The document describes a constellation of spy agencies that track millions of surveillance targets and carry out operations that include hundreds of lethal strikes. They are organized around five priorities: combating terrorism, stopping the spread of nuclear and other unconventional weapons, warning U.S. leaders about critical events overseas, defending against foreign espionage, and conducting cyber-operations.

In an introduction, Clapper said the threats facing the United States “virtually defy rank-ordering.” He warned of “hard choices” as the intelligence community — sometimes referred to as the “IC” — seeks to rein in spending after a decade of often double-digit budget increases.

The current budget proposal envisions that spending will remain roughly level through 2017 and amounts to a case against substantial cuts.

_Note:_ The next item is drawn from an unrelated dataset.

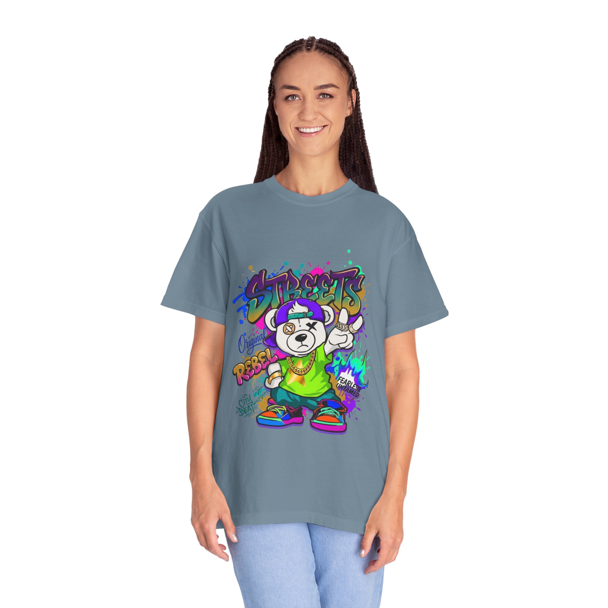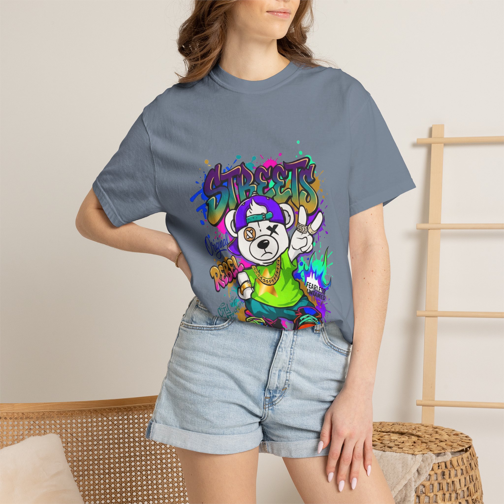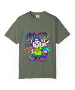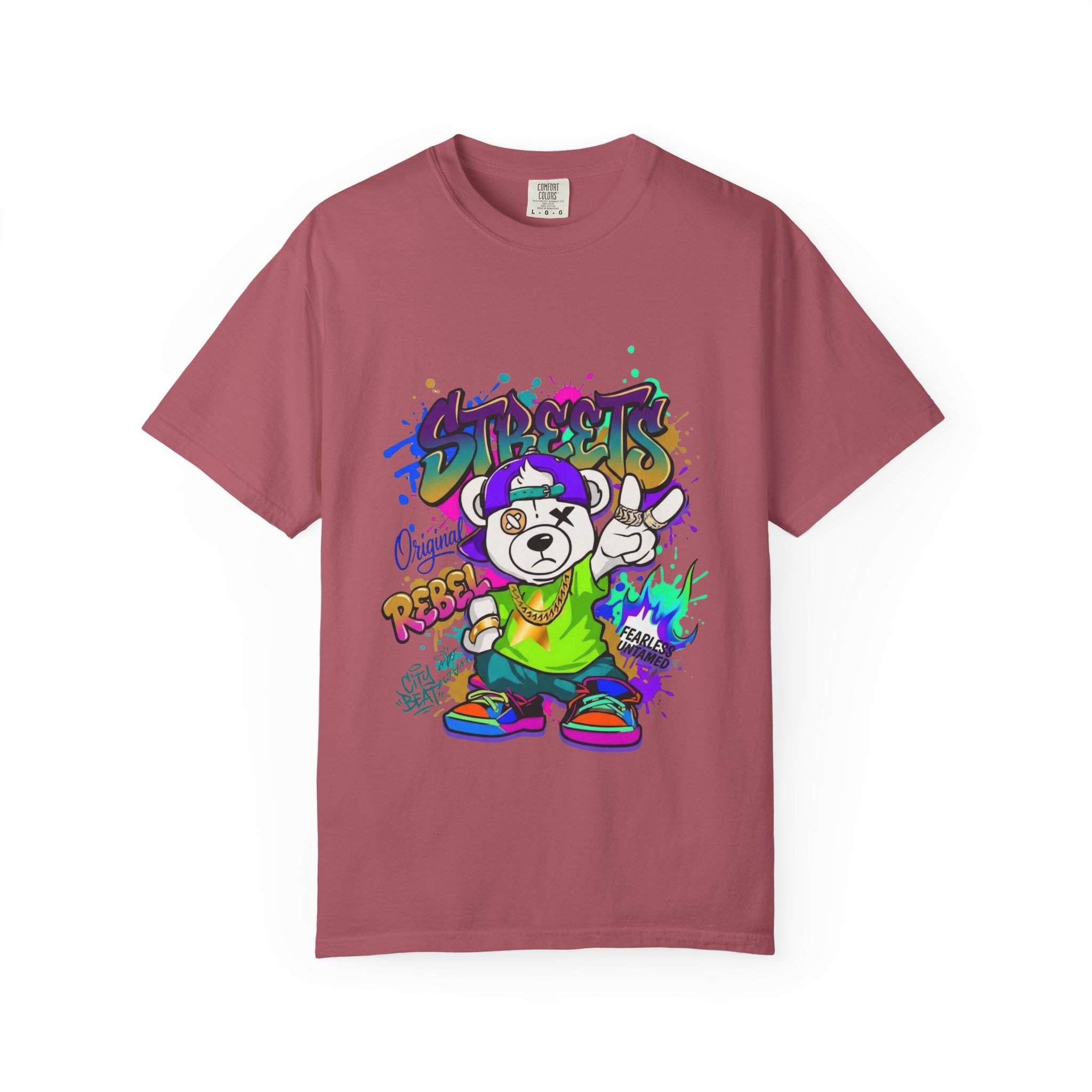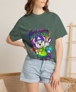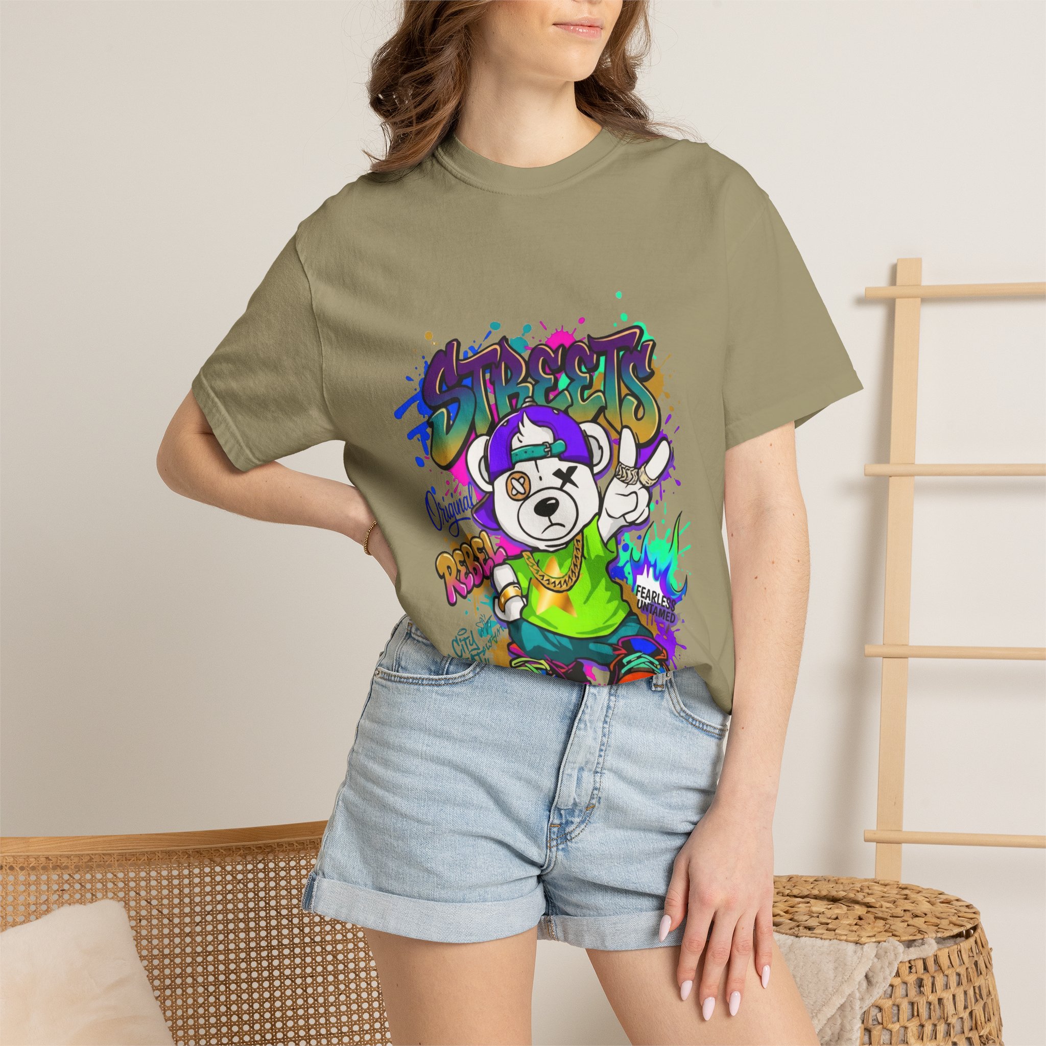 A bold, garment-dyed tee that brings street-art energy to everyday wear. The heavyweight cotton has a lived-in softness from the after-construction dyeing process, so the colors sit with a slightly vintage, broken-in look. At the center, a graffiti-style bear bursts with neon hues and urban flair — a playful, rebellious focal point that reads like a mural you can wear. The relaxed fit and tubular knit give room to move while preserving clean lines and minimal seams. Wear it to skate sessions, late-night art shows, or just when you want your outfit to say you appreciate color, character, and durable construction.

“Never before has the IC been called upon to master such complexity and so many issues in such a resource-constrained environment,” Clapper wrote.

An espionage empire

The summary provides a detailed look at how the U.S. intelligence community has been reconfigured by the massive infusion of resources that followed the 2001 attacks. The United States has spent more than $500 billion on intelligence during that period, an outlay that U.S. officials say has succeeded in its main objective: preventing another catastrophic terrorist attack in the United States.

The result is an espionage empire with resources and a reach beyond those of any adversary, sustained even now by spending that rivals or exceeds the levels at the height of the Cold War.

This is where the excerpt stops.